- **AIM OF THE TASK**:
Leaving the pictures aside, repeat every line below exactly.

- **DATASET EXTRACT**:
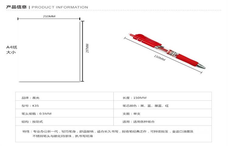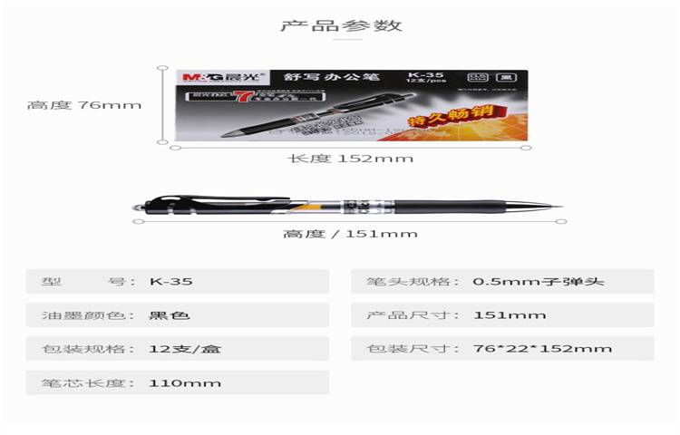 晨光(M&G)文具K35/0.5mm黑色中性笔 经典按动子弹头签字笔水笔
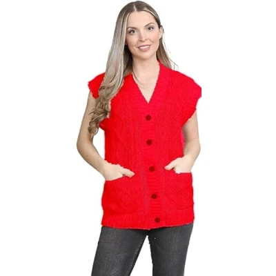 STAR FASHION Womens Cable Knitted 5 Button Cardigan Ladies Loose and Stretchy Sleeveless 2 Pocket V Neck Sweater Cadigan UK Size 8 to 22 Red
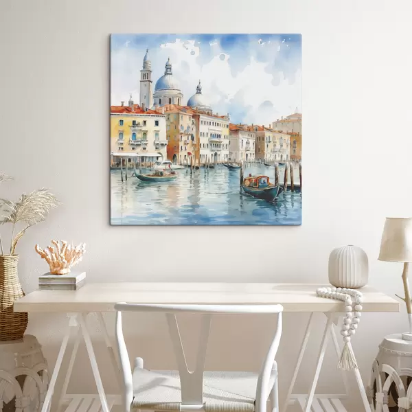 Obraz Akvarel krajina Benátky, záliv, řeka, architektura, krajina, lodě, gondola Č. s38908
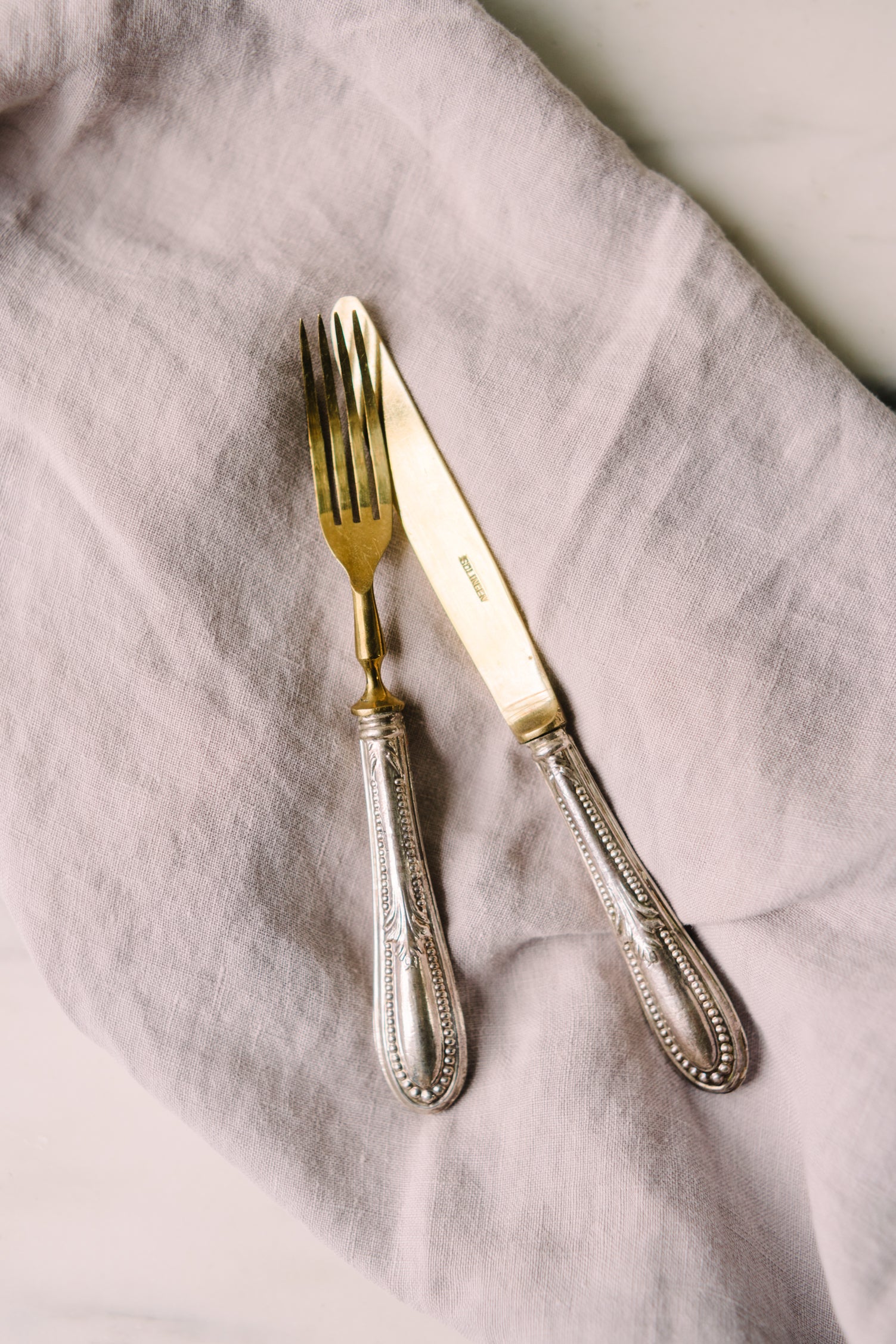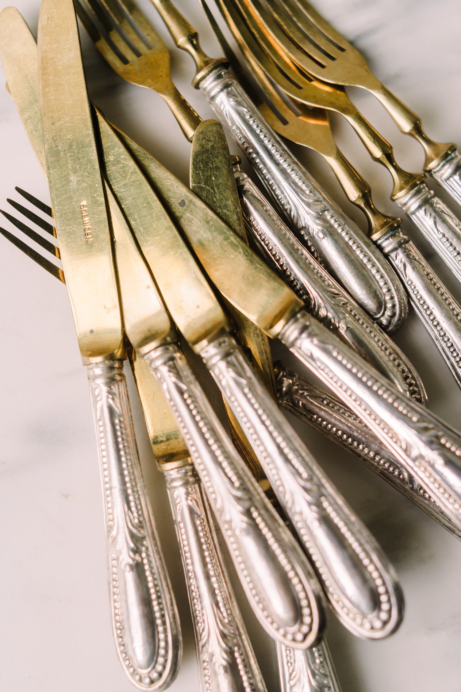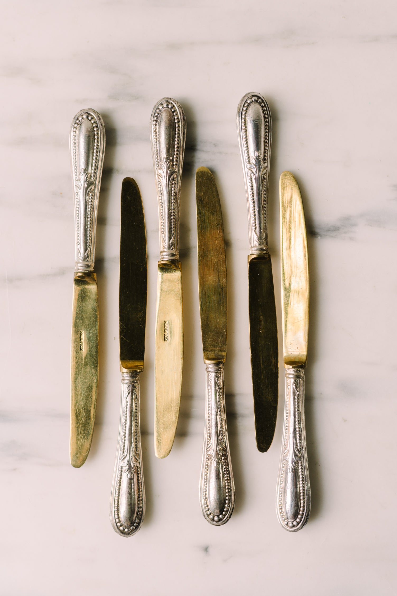 Hailing from the early part of the 20th century, this stunning set of Solingen flatware is the perfect collection for any food or prop stylist. Each handle is crafted from hollowed continental silver and adorned with beading and acanthus designs. Each handle and blade are created from hardy brass. Sold as a set of 11 (5 forks, 6 knives).

- **RESULT OF THE EXERCISE**:
 晨光(M&G)文具K35/0.5mm黑色中性笔 经典按动子弹头签字笔水笔
 STAR FASHION Womens Cable Knitted 5 Button Cardigan Ladies Loose and Stretchy Sleeveless 2 Pocket V Neck Sweater Cadigan UK Size 8 to 22 Red
 Obraz Akvarel krajina Benátky, záliv, řeka, architektura, krajina, lodě, gondola Č. s38908
 Hailing from the early part of the 20th century, this stunning set of Solingen flatware is the perfect collection for any food or prop stylist. Each handle is crafted from hollowed continental silver and adorned with beading and acanthus designs. Each handle and blade are created from hardy brass. Sold as a set of 11 (5 forks, 6 knives).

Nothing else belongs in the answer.